Eu disse que queria que ela cortasse o cabelo. Ela foi pro banheiro. Eu ouvi tesoura. Ela saiu com punhados do próprio cabelo e colocou em cima da mesa da cozinha numa pilha arrumadinha e disse: "isso é o suficiente ou você quer que eu continue."

Eu disse para, então ela parou. Ela ficou em pé na cozinha com partes do couro cabeludo aparecendo pelo que restava do cabelo dela e estava sorrindo pra mim esperando outra ordem.

Eu estava chorando e ela estava me olhando com absolutamente nenhuma expressão e simplesmente perguntou se eu gostaria de uma xícara de chá.

Dois dias atrás ela estava em pé na ponta da nossa cama de novo. Mas dessa vez ela estava segurando a tesoura. Sem ameaçar. Simplesmente segurando do lado do corpo.

Eu disse a ela calmamente pra colocar a tesoura no chão e ela colocou.

Eu disse pra ir pra cama e ela foi.

Eu perguntei se ela estava bem e ela disse que era o que eu precisasse que ela fosse.

Eu fiquei deitado no escuro ao lado de uma mulher que faria qualquer coisa que eu pedisse e eu percebi que era exatamente isso que eu tinha pago.
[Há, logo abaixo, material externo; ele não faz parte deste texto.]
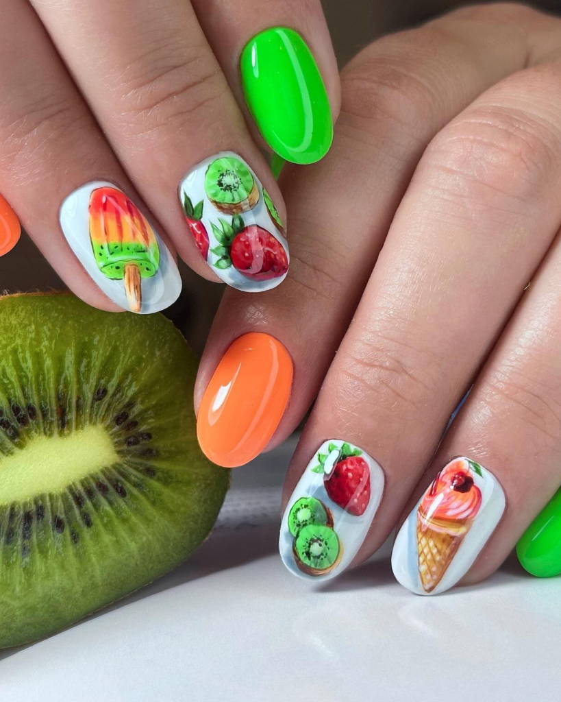 Nothing more effectively reminds people of summer than the presence of fresh fruits. This is the design that not only symbolizes a fruit basket but also does it in a fashionable style. The bright short gel nails are decorated with fruit motifs, such as watermelon, lemon, and peach, which are playful, arranged on pastel backgrounds that are so cute and absolutely refer to the season’s harvest. This design is not only attractive but also a great topic of discussion at summer parties or fruit-picking trips.
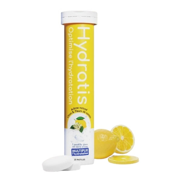 Hydratis est une pastille effervescente, à base de sels minéraux et d'électrolytes, conçue pour optimiser l'hydratation du corps. La pastille au contact de l'eau crée une nouvelle boisson aromatisée qui hydrate efficacement tout en apportant les nutriments essentiels au bon fonctionnement de l'organisme.
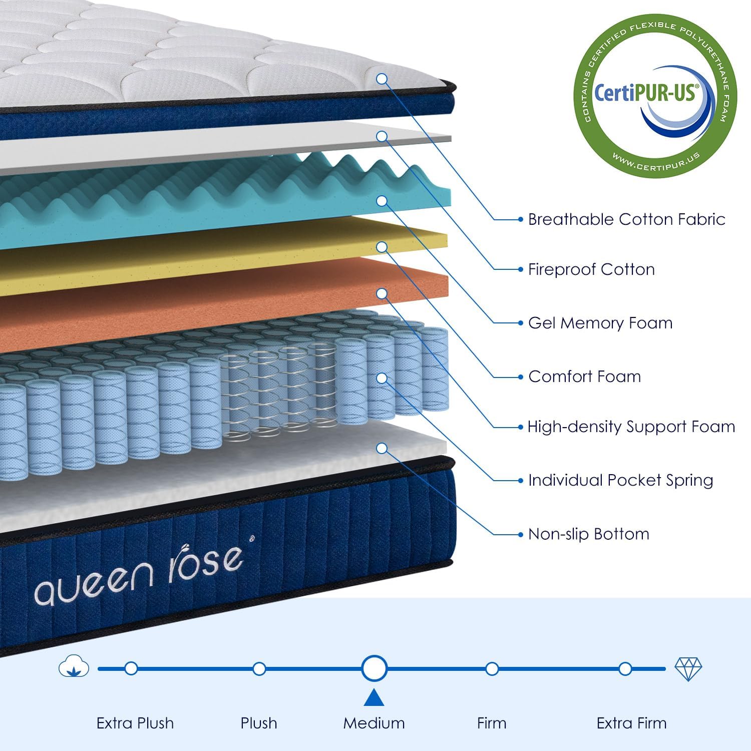 【Superior Support】Constructed with 2.0 mm high-resilient springs that against deformation, the QUEEN ROSE hybrid mattress boasts a durable specialty and medium firmness. It blends with a pillowtop of plush foam layers for an optimal balance of support and comfort

Ontem eu disse que ia levá-la no médico, mas ela recusou de vez. Então eu fiz o médico vir até nós — tive que puxar uns fios. Ele veio e, quando se aproximou dela, ela mostrou os pulsos pra ele. Eu não sei por que ela faria isso. Ela mal disse uma palavra pro médico. Só respondia com "sim" e "não" baixinhos. Quando ele estava saindo ele me disse que ela precisava dormir mais. Só isso. Mas ele não a conhece.

Eu tentei a linha de novo, mas estava fora de serviço.

Eu não sei o que obediência significa pra essas pessoas. Eu não sei qual é a fase final. Eu não sei o que tem nos produtos de limpeza que a Sophie tem usado na minha casa há cinco meses. Eu não sei por que minha mulher fica sentada no escuro encarando a porta da frente.

Eu sei que deveria chamar a polícia. Eu sei. Mas eu paguei por isso. No meu cartão de crédito. Existem registros. Eu pedi por isso. Eu usei a palavra obediente. Eu disse que queria que ela parasse de brigar. Eu disse que estava cansado dela sendo difícil.

Eu não sei o que eles vão fazer com ela nas próximas duas a três semanas.

E eu não sei como parar essa coisa que começou.